Carnes Nate C, Kolaja Claire A, Lewis Crystal L, Castañeda Sheila F, Rull Rudolph P
Deployment Health Research Department, Naval Health Research Center, San Diego, CA, USA.
Leidos, Inc, San Diego, CA, USA.
BMC Med Res Methodol. 2025 Jul 14;25(1):174. doi: 10.1186/s12874-025-02620-3.
Missing survey data can threaten the validity and generalizability of findings from longitudinal cohort studies. Respondent characteristics and survey attributes may contribute to patterns of survey non-completion, a form of missing data in which respondents begin but do not finish a survey, that can lead to biased conclusions. The objectives of the present research are to demonstrate how machine learning can identify survey non-completion and to characterize individual and methodological factors that are associated with this form of data missingness.
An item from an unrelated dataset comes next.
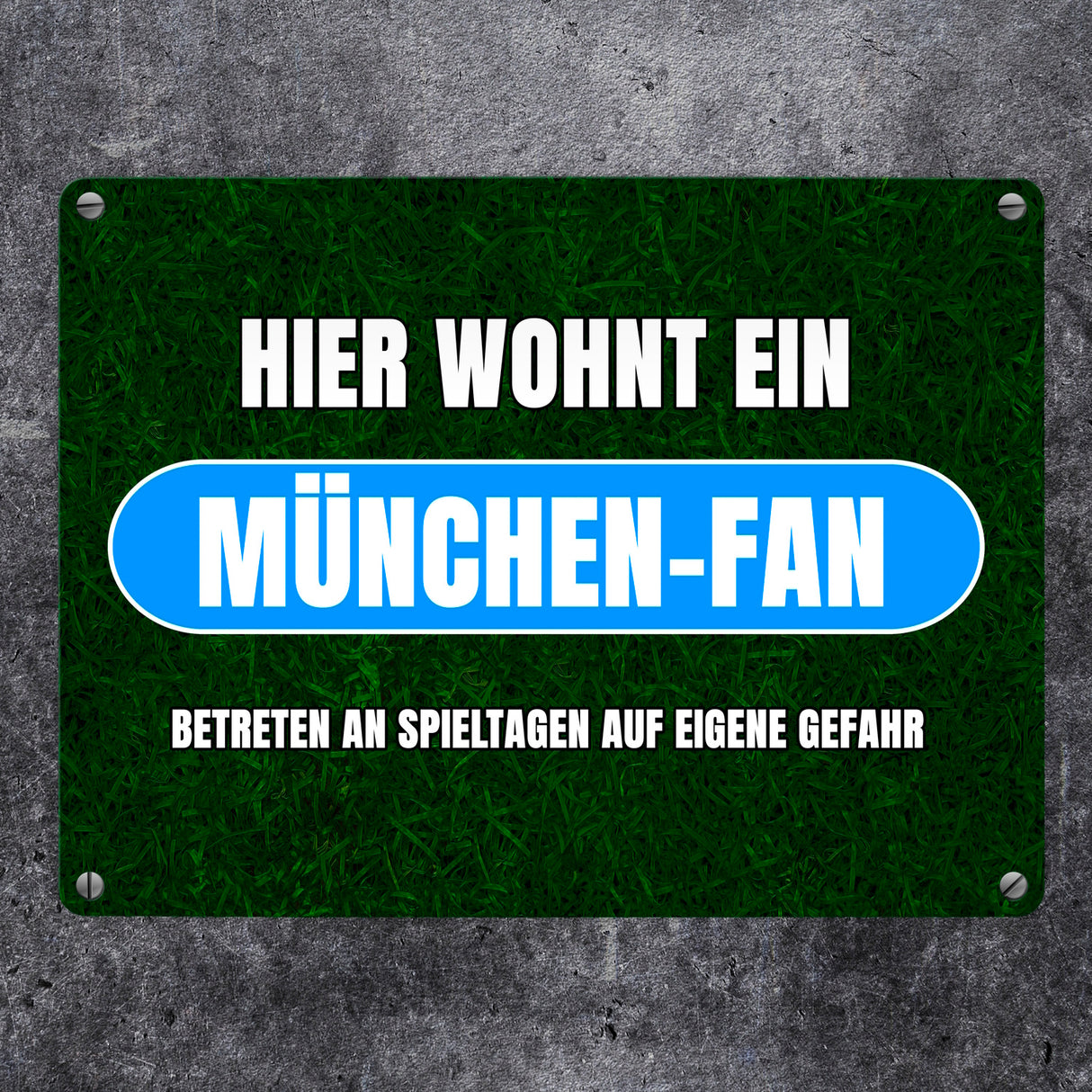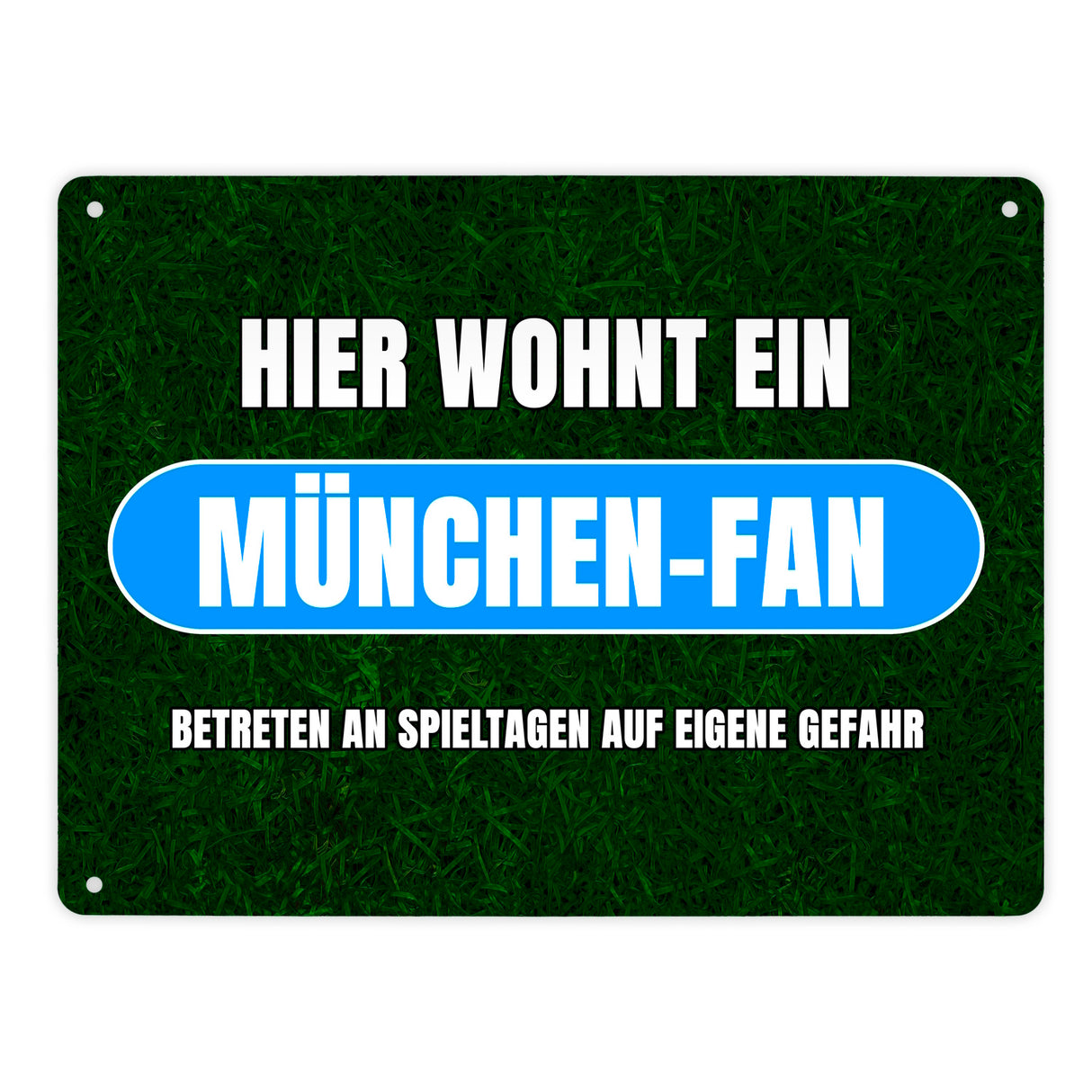 - Dein Herz schlägt für München? Dann kannst du als richtiger München-Fan nun zeigen, dass an Spieltagen für dich nur eins zählt: Der Sport! Dieses tolle Metallschild ist aussagekräftig und hat ein dunkelgrünes Rasenmotiv.

The present study developed a novel machine learning algorithm to characterize survey non-completion in the Millennium Cohort Study during the 2019-2021 data collection cycle that included a 30- to 45-min paper or web-based follow-up survey for previously enrolled panels (Panels 1-4, n = 80,986) and a 30- to 45-min web-based baseline survey for new enrollees (Panel 5, n = 58,609). We then examined the effect of individual characteristics and survey attributes on survey non-completion.
This algorithm achieved 99% accuracy and showed that 0.29% of follow-up respondents and 15.43% of new enrollees were survey non-completers. Our findings suggest that certain military and sociodemographic characteristics (e.g., enlisted pay grades) were associated with increased survey non-completion in the 2019-2021 cycle. Survey attributes explained a large proportion of the variability in survey non-completion, with our analyses indicating a higher likelihood of survey non-completion in Sects. (1) located toward the beginning of the survey, (2) with sensitive questions, and (3) with fewer questions.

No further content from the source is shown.